### RECORDS SUPPLIED
++++++
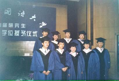 那时的我们确是勤勉上进的。束定芳老师的语义学课下,我们总有没完没了的问题围着老师问。束老师真的耐心啊,经常被我们缠着几十分钟才能“脱身”。毕业论文完成后,大家自发组织了十场“预答辩”,为每个人的论文把关。我们公开的那场模拟答辩,梅德明老师也来“旁听”的。我真正论文答辩时的主席是许余龙老师,一位让我又敬又爱又怕的老师。许老师平时话不多,为师也算不上凶,可随便哪篇语言学论文交由他审阅,他很快就会发现问题,而且通常是论文中最关键、作者最怕被问及的问题。于是,一个来小时的硕士论文答辩,导师正襟危坐,答委题题惊心,听众屏息凝神,那场景应该算得上很有仪式感了。
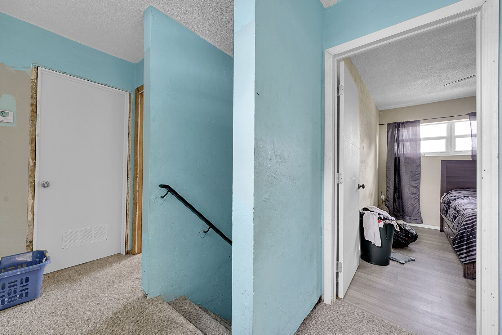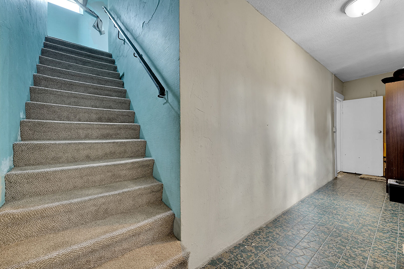 Stairs, Textured Ceiling, Vinyl Floor, Drywall
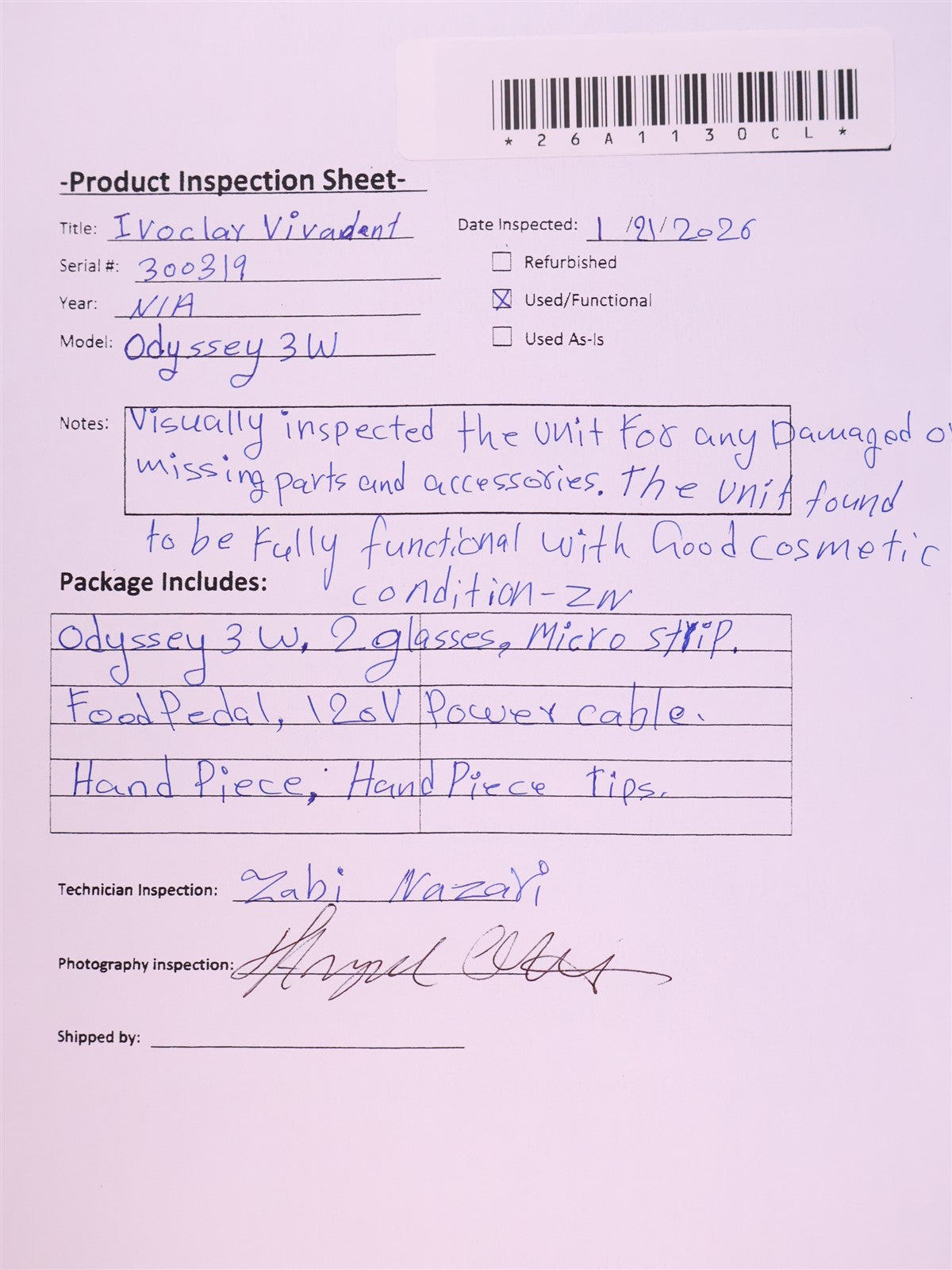 Odyssey 3 W, 2 Safety Glasses, Micro Strip, Foot Pedal, Handpiece, Handpiece tips, 120V Power cable.
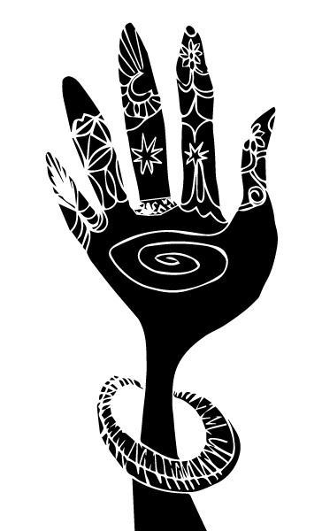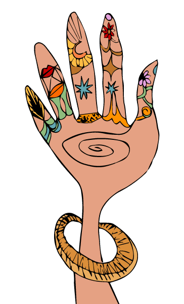 Ilustración con una mano plana, con sus cinco dedos extendidos hacia arriba. La mano contiene decoraciones y accesorios étnicos. Formas de estrella, anillos, elementos decorativos de estilo africano, árabe y de la imaginación. Varias versiones de la ilustración, en blanco / negro y en colores.
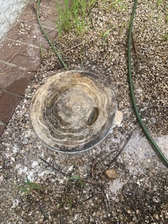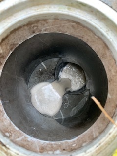 雨水と外部散水栓用の排水管の流れが悪く、お家の方御自身で棒を突っ込んでみたりと色々工夫されていたそうです。大雨で流れずお困りでした。排水管は土管でカメラ調査をさせて頂いた所、大きな破損はないが木の根が大量、棒も木の根に絡まり複数の土管のズレた部分に完全にはまっている状態でした。単なる高圧洗浄やワイヤー作業では不可能な現場で破損しやすい土管でしたので、別の工法にて丁寧に取り除きました。お家の方も棒は1本だと思い込んでおられてびっくりされていましたが、大掛かりな掘り起こしをする必要なく解決して喜んで頂けました。破損が今後広がったり木の根の成長具合で入替えも視野に入れる必要は御座いますが、これで通常使用出来ます。少量しか水が出てこなかった土管から綺麗に排水されるのを確認して完了です。
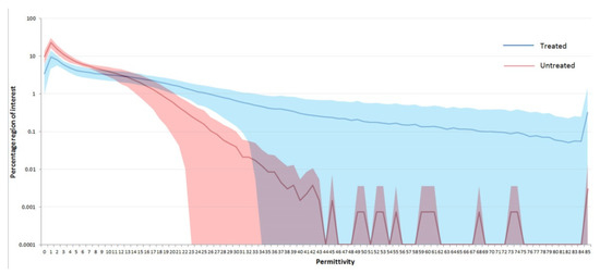 It should be noted here that the data in Figure 5 have not been subtracted from the baseline and are presented as the average percentage of the image for each permittivity unit for the treated and untreated site across all the subjects. No statistical analysis has been carried out on the data in Figure 5 to determine differences between the treated and untreated areas, but it demonstrates the differences between the treated and untreated sites, and the shift towards regions of higher permittivity after product usage. It should also be noted that the y-axis is shown as a logarithmic scale to aid comparison between the treated and untreated sites. Even on the treated site, the majority of the skin has relatively low permittivity scores, and use of a logarithmic scale enables the differences to be more readily observed. It also highlights that there appear to be relatively subtle changes in the electrical properties of skin when it changes from dry to hydrated skin.
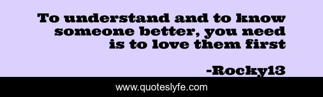 This page presents the quote "To understand and to know someone better, you need is to love them first". Author of this quote is Rocky13. This quote is about life-experience, understanding-oneself-and-others, life-lessons, life-philosophy, love, affection,.
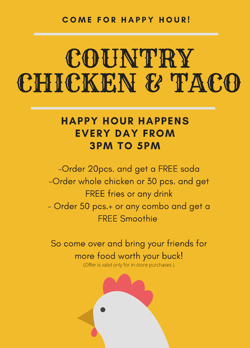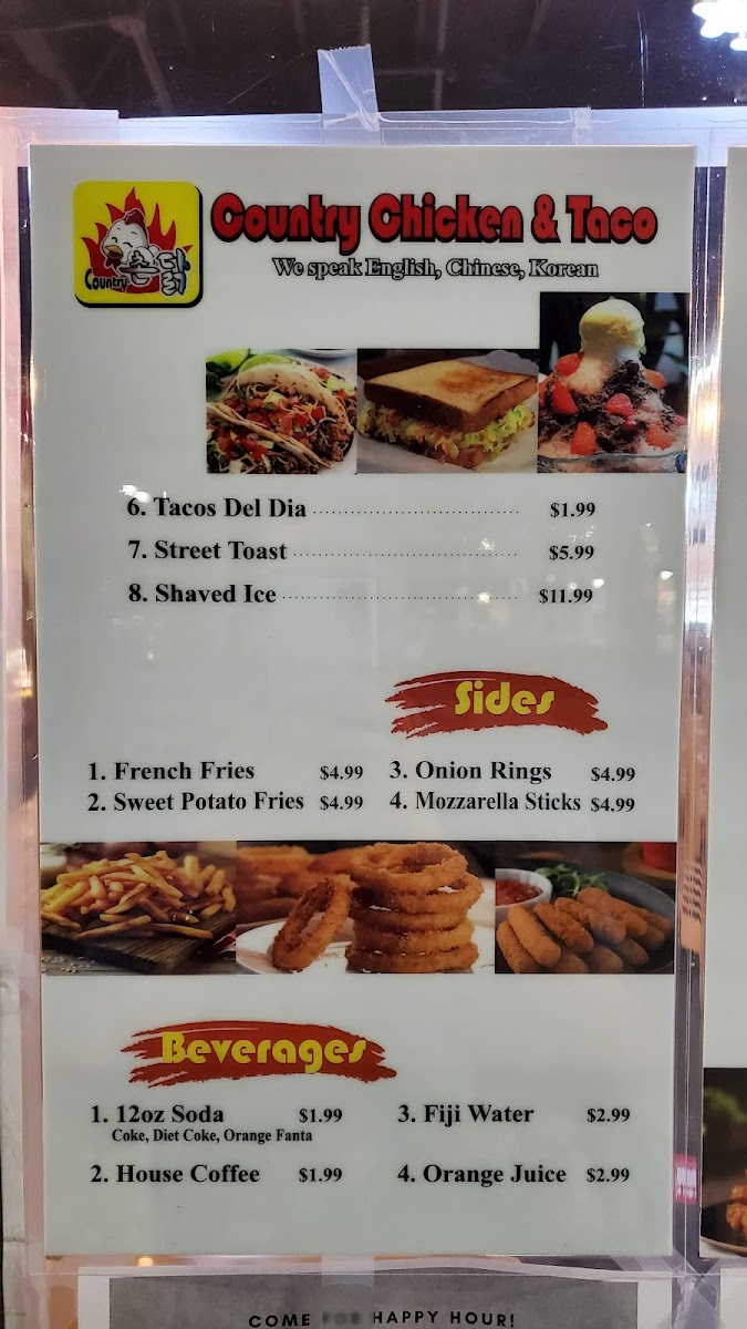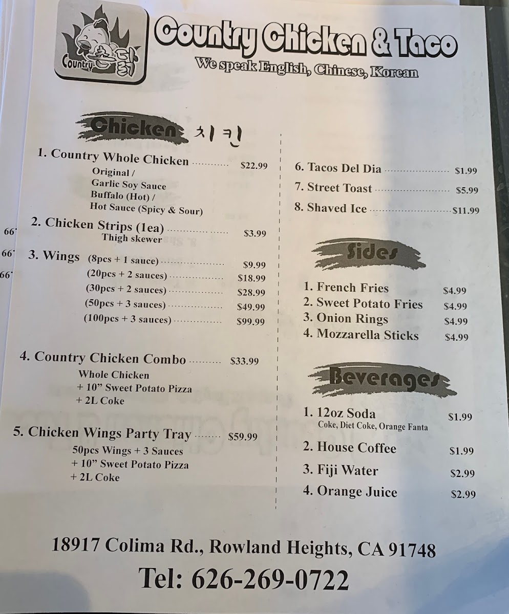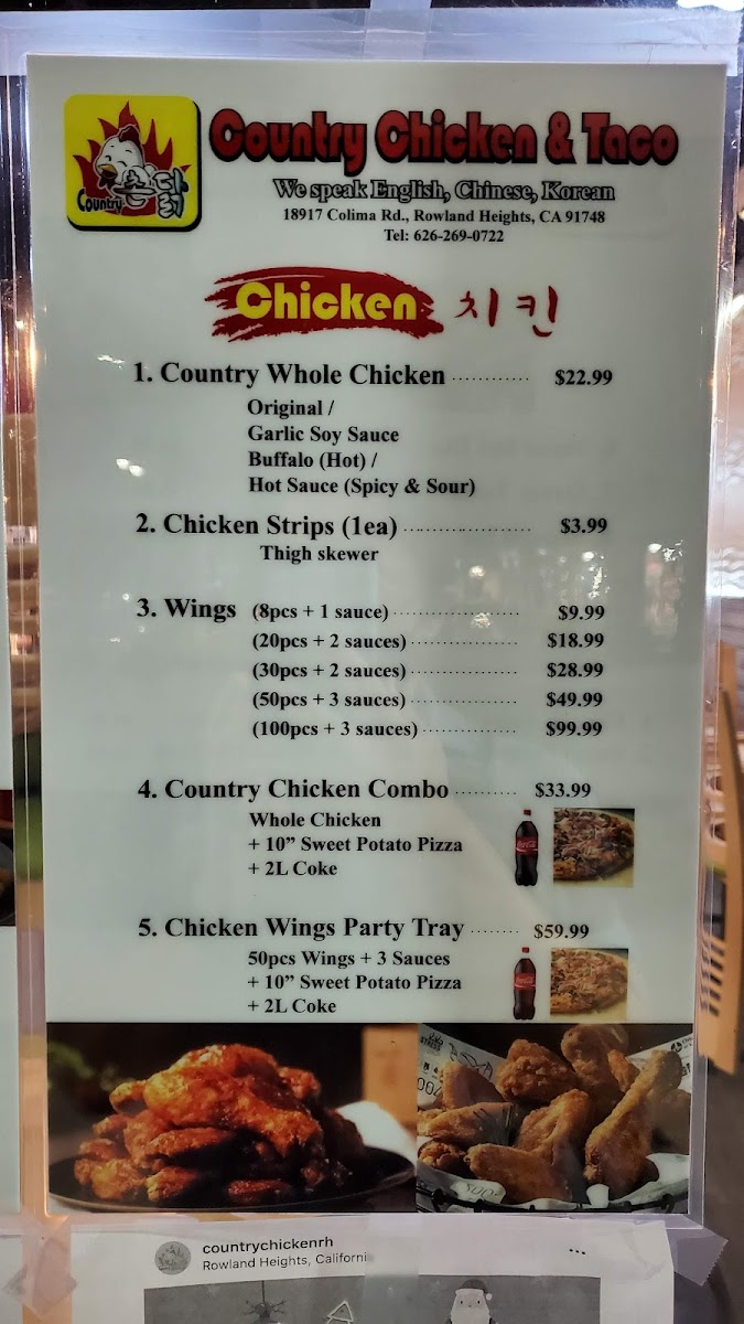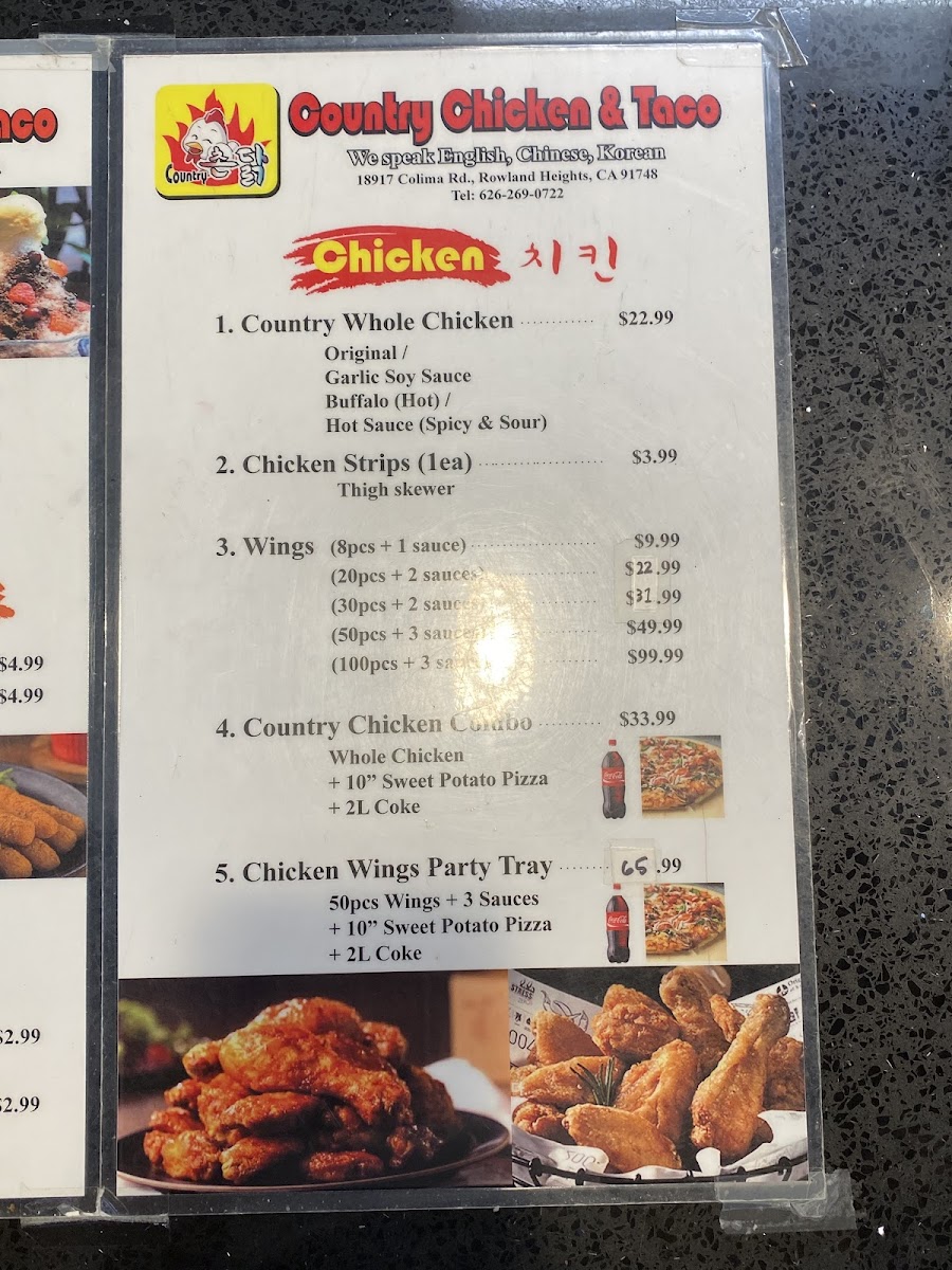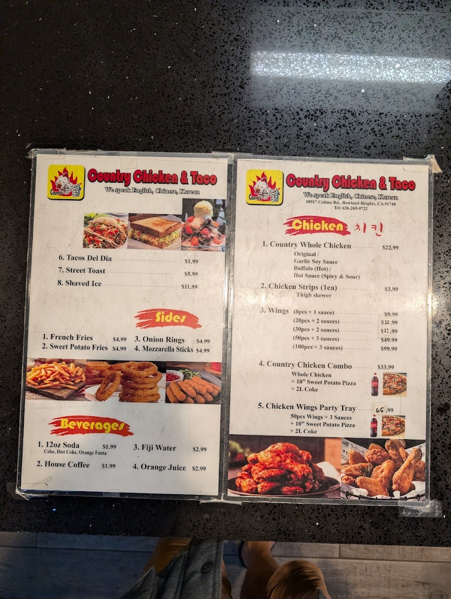 When you walk into Country Chicken & Taco Menu, you're greeted with the vibrant, mouthwatering aromas of freshly prepared dishes that bring a taste of comfort right to your table. Located in Rowland Heights, CA, this spot combines the best of crispy fried chicken and flavorful tacos, offering a menu that satisfies both hearty appetites and those craving something quick and delicious. Whether you're in the mood for a juicy, golden chicken tenders plate or a zesty taco bursting with toppings, there’s something here for everyone. With a focus on bold flavors and high-quality ingredients, each dish is made to offer a delightful experience from the first bite to the last. It's the perfect place to enjoy a satisfying meal with friends or family, where the food and the atmosphere are always inviting.
++++++
Once the line with "Stairs, Textured Ceiling, Vinyl" is found above, print it and every line after it through the line with "This page presents", exactly. Pictures stay out.

### SOLUTION TO THE PROBLEM
 Stairs, Textured Ceiling, Vinyl Floor, Drywall
 Odyssey 3 W, 2 Safety Glasses, Micro Strip, Foot Pedal, Handpiece, Handpiece tips, 120V Power cable.
 Ilustración con una mano plana, con sus cinco dedos extendidos hacia arriba. La mano contiene decoraciones y accesorios étnicos. Formas de estrella, anillos, elementos decorativos de estilo africano, árabe y de la imaginación. Varias versiones de la ilustración, en blanco / negro y en colores.
 雨水と外部散水栓用の排水管の流れが悪く、お家の方御自身で棒を突っ込んでみたりと色々工夫されていたそうです。大雨で流れずお困りでした。排水管は土管でカメラ調査をさせて頂いた所、大きな破損はないが木の根が大量、棒も木の根に絡まり複数の土管のズレた部分に完全にはまっている状態でした。単なる高圧洗浄やワイヤー作業では不可能な現場で破損しやすい土管でしたので、別の工法にて丁寧に取り除きました。お家の方も棒は1本だと思い込んでおられてびっくりされていましたが、大掛かりな掘り起こしをする必要なく解決して喜んで頂けました。破損が今後広がったり木の根の成長具合で入替えも視野に入れる必要は御座いますが、これで通常使用出来ます。少量しか水が出てこなかった土管から綺麗に排水されるのを確認して完了です。
 It should be noted here that the data in Figure 5 have not been subtracted from the baseline and are presented as the average percentage of the image for each permittivity unit for the treated and untreated site across all the subjects. No statistical analysis has been carried out on the data in Figure 5 to determine differences between the treated and untreated areas, but it demonstrates the differences between the treated and untreated sites, and the shift towards regions of higher permittivity after product usage. It should also be noted that the y-axis is shown as a logarithmic scale to aid comparison between the treated and untreated sites. Even on the treated site, the majority of the skin has relatively low permittivity scores, and use of a logarithmic scale enables the differences to be more readily observed. It also highlights that there appear to be relatively subtle changes in the electrical properties of skin when it changes from dry to hydrated skin.
 This page presents the quote "To understand and to know someone better, you need is to love them first". Author of this quote is Rocky13. This quote is about life-experience, understanding-oneself-and-others, life-lessons, life-philosophy, love, affection,.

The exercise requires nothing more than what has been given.